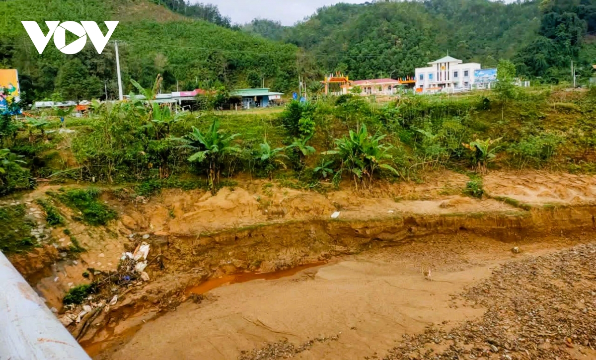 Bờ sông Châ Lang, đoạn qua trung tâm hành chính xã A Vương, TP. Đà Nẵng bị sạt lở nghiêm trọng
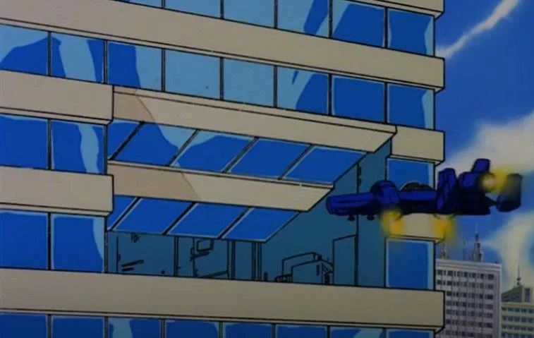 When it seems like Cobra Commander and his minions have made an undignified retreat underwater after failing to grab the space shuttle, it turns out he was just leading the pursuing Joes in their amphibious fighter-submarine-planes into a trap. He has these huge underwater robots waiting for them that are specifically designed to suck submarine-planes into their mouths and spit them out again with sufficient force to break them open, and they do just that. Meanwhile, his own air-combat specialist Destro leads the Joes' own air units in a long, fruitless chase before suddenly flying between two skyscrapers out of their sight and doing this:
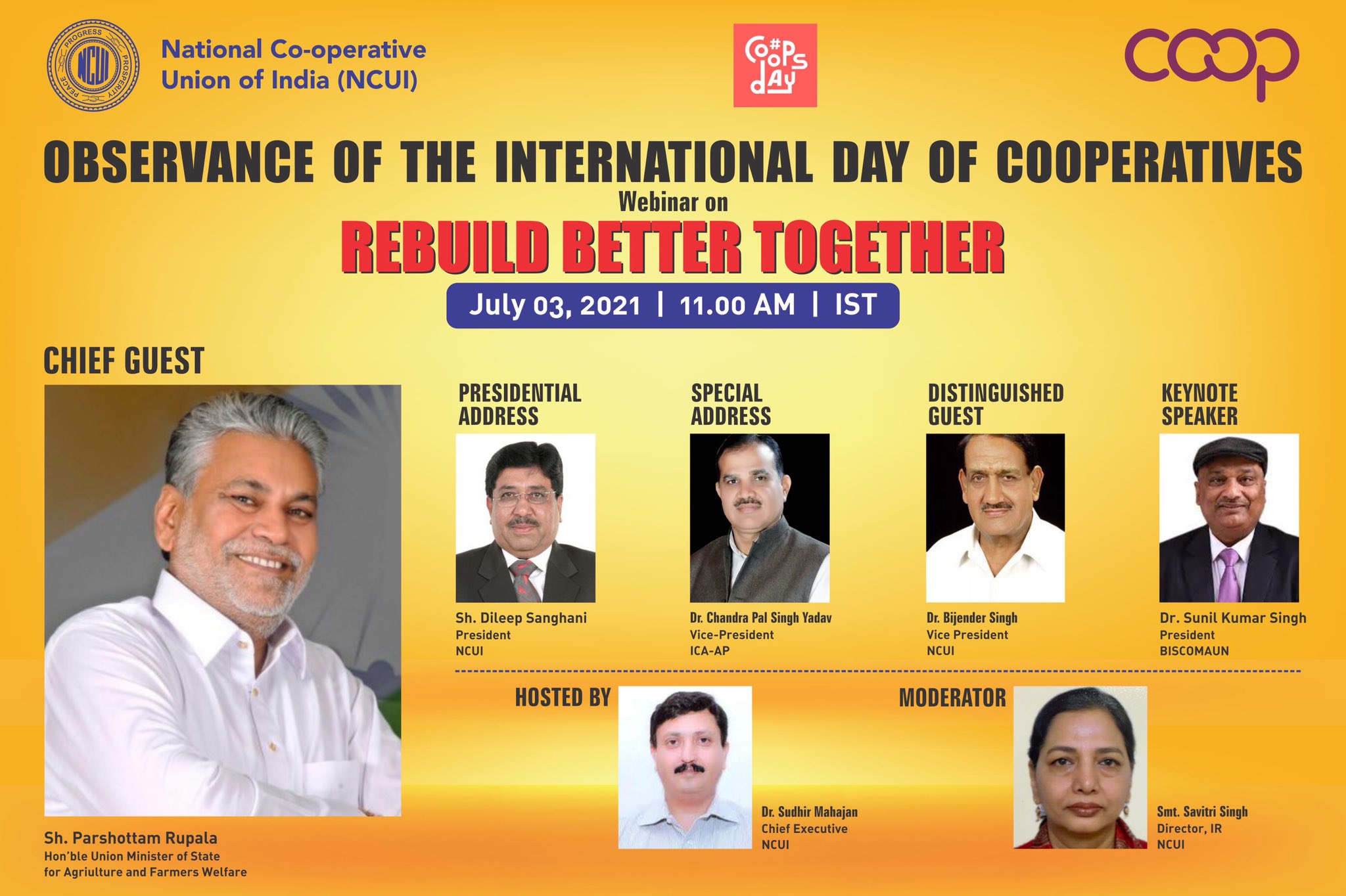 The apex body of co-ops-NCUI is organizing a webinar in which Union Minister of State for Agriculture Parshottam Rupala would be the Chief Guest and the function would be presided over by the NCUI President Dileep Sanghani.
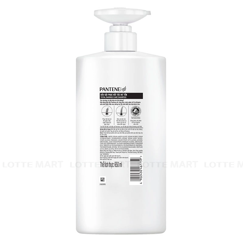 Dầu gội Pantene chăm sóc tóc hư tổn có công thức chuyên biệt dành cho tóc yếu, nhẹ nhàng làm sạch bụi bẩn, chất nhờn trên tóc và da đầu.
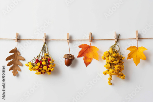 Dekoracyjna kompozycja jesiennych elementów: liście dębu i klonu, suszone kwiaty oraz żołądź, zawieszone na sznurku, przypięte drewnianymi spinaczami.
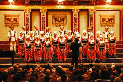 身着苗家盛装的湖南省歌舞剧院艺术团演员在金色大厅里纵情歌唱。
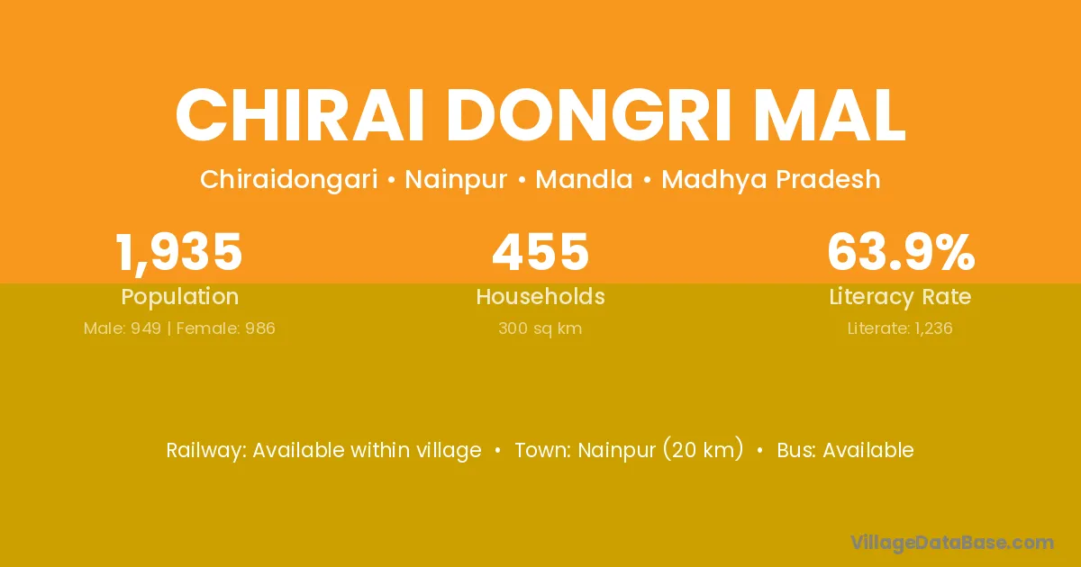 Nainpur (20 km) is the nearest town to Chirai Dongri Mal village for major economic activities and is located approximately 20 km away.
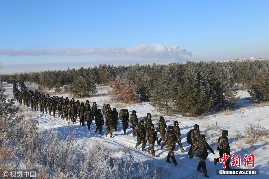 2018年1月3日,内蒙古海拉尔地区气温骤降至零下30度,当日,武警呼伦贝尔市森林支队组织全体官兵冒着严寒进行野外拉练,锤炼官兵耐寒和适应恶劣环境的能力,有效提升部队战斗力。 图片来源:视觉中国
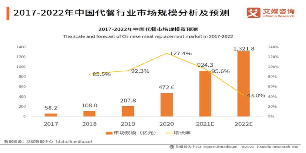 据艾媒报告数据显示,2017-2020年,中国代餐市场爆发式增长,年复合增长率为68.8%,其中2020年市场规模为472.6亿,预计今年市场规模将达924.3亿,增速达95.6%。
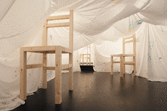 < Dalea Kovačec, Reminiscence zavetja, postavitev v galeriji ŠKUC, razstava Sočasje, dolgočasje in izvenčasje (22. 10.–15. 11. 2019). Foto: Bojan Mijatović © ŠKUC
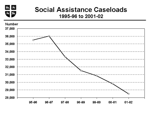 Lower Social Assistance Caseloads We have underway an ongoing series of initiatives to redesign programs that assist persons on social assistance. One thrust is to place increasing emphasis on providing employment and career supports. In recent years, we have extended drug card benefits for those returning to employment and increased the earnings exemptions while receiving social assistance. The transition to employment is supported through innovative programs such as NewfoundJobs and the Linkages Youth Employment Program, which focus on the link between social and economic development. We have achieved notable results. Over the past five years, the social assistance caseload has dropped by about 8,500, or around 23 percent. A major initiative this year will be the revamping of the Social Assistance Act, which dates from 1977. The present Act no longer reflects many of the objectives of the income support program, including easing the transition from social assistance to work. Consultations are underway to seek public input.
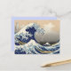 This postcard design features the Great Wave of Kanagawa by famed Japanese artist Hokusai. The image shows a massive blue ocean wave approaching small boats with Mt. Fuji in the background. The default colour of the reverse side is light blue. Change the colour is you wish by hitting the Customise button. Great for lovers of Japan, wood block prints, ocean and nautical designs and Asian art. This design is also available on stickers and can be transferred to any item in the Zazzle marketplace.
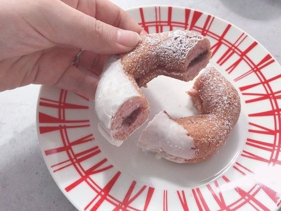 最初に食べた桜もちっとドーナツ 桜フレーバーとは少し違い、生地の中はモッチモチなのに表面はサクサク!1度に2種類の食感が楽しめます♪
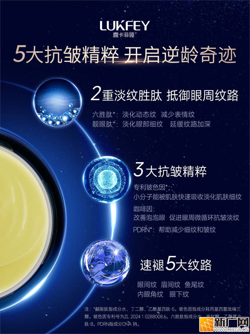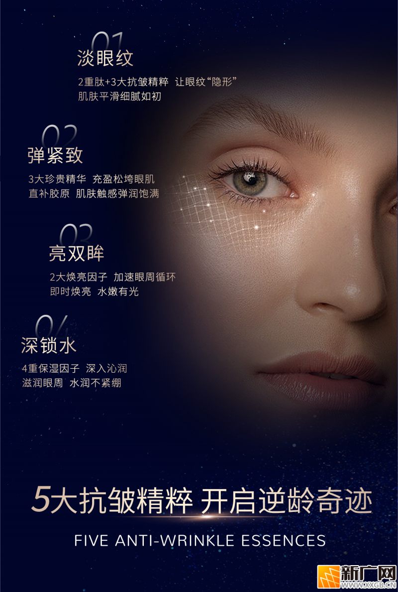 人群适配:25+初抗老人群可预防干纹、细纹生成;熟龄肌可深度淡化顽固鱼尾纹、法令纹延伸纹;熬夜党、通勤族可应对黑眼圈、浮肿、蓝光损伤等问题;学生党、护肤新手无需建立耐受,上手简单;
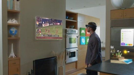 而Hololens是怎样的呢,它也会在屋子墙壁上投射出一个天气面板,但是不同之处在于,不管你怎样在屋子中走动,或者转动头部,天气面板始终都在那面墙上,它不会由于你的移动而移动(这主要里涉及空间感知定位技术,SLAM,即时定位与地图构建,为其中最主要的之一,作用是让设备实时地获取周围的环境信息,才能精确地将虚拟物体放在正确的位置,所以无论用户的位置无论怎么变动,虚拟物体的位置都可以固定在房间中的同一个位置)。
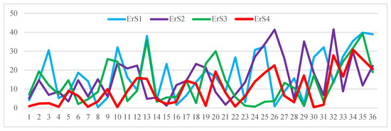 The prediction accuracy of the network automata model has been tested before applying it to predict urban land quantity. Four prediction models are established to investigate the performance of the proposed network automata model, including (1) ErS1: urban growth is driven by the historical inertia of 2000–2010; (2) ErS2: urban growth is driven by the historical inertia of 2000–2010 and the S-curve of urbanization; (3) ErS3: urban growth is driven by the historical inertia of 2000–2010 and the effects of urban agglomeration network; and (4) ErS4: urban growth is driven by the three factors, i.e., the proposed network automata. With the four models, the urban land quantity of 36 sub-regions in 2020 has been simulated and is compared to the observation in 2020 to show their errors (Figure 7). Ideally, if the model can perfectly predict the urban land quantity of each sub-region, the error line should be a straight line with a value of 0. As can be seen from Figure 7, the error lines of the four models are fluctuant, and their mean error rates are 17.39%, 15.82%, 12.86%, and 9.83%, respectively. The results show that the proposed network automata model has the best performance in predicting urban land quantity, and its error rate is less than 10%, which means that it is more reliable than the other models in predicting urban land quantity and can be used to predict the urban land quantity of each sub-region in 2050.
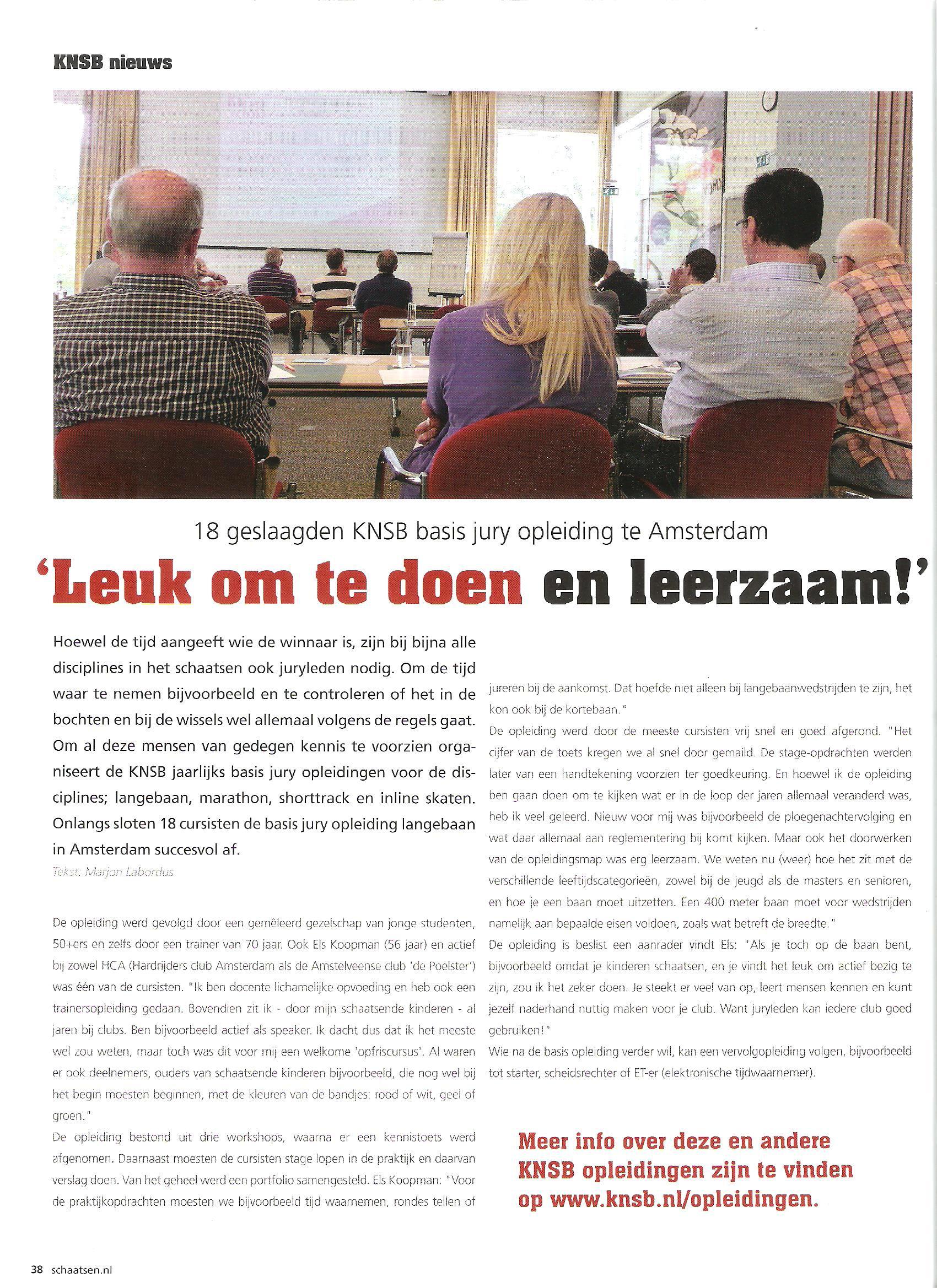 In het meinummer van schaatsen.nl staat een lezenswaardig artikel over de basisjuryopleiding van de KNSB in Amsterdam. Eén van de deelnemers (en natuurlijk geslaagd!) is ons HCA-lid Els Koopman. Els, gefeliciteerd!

Directions
Transcribe the entries above word for word, but leave every picture out of your copy.

Task output
 Bờ sông Châ Lang, đoạn qua trung tâm hành chính xã A Vương, TP. Đà Nẵng bị sạt lở nghiêm trọng
 When it seems like Cobra Commander and his minions have made an undignified retreat underwater after failing to grab the space shuttle, it turns out he was just leading the pursuing Joes in their amphibious fighter-submarine-planes into a trap. He has these huge underwater robots waiting for them that are specifically designed to suck submarine-planes into their mouths and spit them out again with sufficient force to break them open, and they do just that. Meanwhile, his own air-combat specialist Destro leads the Joes' own air units in a long, fruitless chase before suddenly flying between two skyscrapers out of their sight and doing this:
 The apex body of co-ops-NCUI is organizing a webinar in which Union Minister of State for Agriculture Parshottam Rupala would be the Chief Guest and the function would be presided over by the NCUI President Dileep Sanghani.
 Dầu gội Pantene chăm sóc tóc hư tổn có công thức chuyên biệt dành cho tóc yếu, nhẹ nhàng làm sạch bụi bẩn, chất nhờn trên tóc và da đầu.
 Dekoracyjna kompozycja jesiennych elementów: liście dębu i klonu, suszone kwiaty oraz żołądź, zawieszone na sznurku, przypięte drewnianymi spinaczami.
 身着苗家盛装的湖南省歌舞剧院艺术团演员在金色大厅里纵情歌唱。
 Nainpur (20 km) is the nearest town to Chirai Dongri Mal village for major economic activities and is located approximately 20 km away.
 2018年1月3日,内蒙古海拉尔地区气温骤降至零下30度,当日,武警呼伦贝尔市森林支队组织全体官兵冒着严寒进行野外拉练,锤炼官兵耐寒和适应恶劣环境的能力,有效提升部队战斗力。 图片来源:视觉中国
 据艾媒报告数据显示,2017-2020年,中国代餐市场爆发式增长,年复合增长率为68.8%,其中2020年市场规模为472.6亿,预计今年市场规模将达924.3亿,增速达95.6%。
 < Dalea Kovačec, Reminiscence zavetja, postavitev v galeriji ŠKUC, razstava Sočasje, dolgočasje in izvenčasje (22. 10.–15. 11. 2019). Foto: Bojan Mijatović © ŠKUC
 Lower Social Assistance Caseloads We have underway an ongoing series of initiatives to redesign programs that assist persons on social assistance. One thrust is to place increasing emphasis on providing employment and career supports. In recent years, we have extended drug card benefits for those returning to employment and increased the earnings exemptions while receiving social assistance. The transition to employment is supported through innovative programs such as NewfoundJobs and the Linkages Youth Employment Program, which focus on the link between social and economic development. We have achieved notable results. Over the past five years, the social assistance caseload has dropped by about 8,500, or around 23 percent. A major initiative this year will be the revamping of the Social Assistance Act, which dates from 1977. The present Act no longer reflects many of the objectives of the income support program, including easing the transition from social assistance to work. Consultations are underway to seek public input.
 This postcard design features the Great Wave of Kanagawa by famed Japanese artist Hokusai. The image shows a massive blue ocean wave approaching small boats with Mt. Fuji in the background. The default colour of the reverse side is light blue. Change the colour is you wish by hitting the Customise button. Great for lovers of Japan, wood block prints, ocean and nautical designs and Asian art. This design is also available on stickers and can be transferred to any item in the Zazzle marketplace.
 最初に食べた桜もちっとドーナツ 桜フレーバーとは少し違い、生地の中はモッチモチなのに表面はサクサク!1度に2種類の食感が楽しめます♪
 人群适配:25+初抗老人群可预防干纹、细纹生成;熟龄肌可深度淡化顽固鱼尾纹、法令纹延伸纹;熬夜党、通勤族可应对黑眼圈、浮肿、蓝光损伤等问题;学生党、护肤新手无需建立耐受,上手简单;
 而Hololens是怎样的呢,它也会在屋子墙壁上投射出一个天气面板,但是不同之处在于,不管你怎样在屋子中走动,或者转动头部,天气面板始终都在那面墙上,它不会由于你的移动而移动(这主要里涉及空间感知定位技术,SLAM,即时定位与地图构建,为其中最主要的之一,作用是让设备实时地获取周围的环境信息,才能精确地将虚拟物体放在正确的位置,所以无论用户的位置无论怎么变动,虚拟物体的位置都可以固定在房间中的同一个位置)。
 The prediction accuracy of the network automata model has been tested before applying it to predict urban land quantity. Four prediction models are established to investigate the performance of the proposed network automata model, including (1) ErS1: urban growth is driven by the historical inertia of 2000–2010; (2) ErS2: urban growth is driven by the historical inertia of 2000–2010 and the S-curve of urbanization; (3) ErS3: urban growth is driven by the historical inertia of 2000–2010 and the effects of urban agglomeration network; and (4) ErS4: urban growth is driven by the three factors, i.e., the proposed network automata. With the four models, the urban land quantity of 36 sub-regions in 2020 has been simulated and is compared to the observation in 2020 to show their errors (Figure 7). Ideally, if the model can perfectly predict the urban land quantity of each sub-region, the error line should be a straight line with a value of 0. As can be seen from Figure 7, the error lines of the four models are fluctuant, and their mean error rates are 17.39%, 15.82%, 12.86%, and 9.83%, respectively. The results show that the proposed network automata model has the best performance in predicting urban land quantity, and its error rate is less than 10%, which means that it is more reliable than the other models in predicting urban land quantity and can be used to predict the urban land quantity of each sub-region in 2050.
 In het meinummer van schaatsen.nl staat een lezenswaardig artikel over de basisjuryopleiding van de KNSB in Amsterdam. Eén van de deelnemers (en natuurlijk geslaagd!) is ons HCA-lid Els Koopman. Els, gefeliciteerd!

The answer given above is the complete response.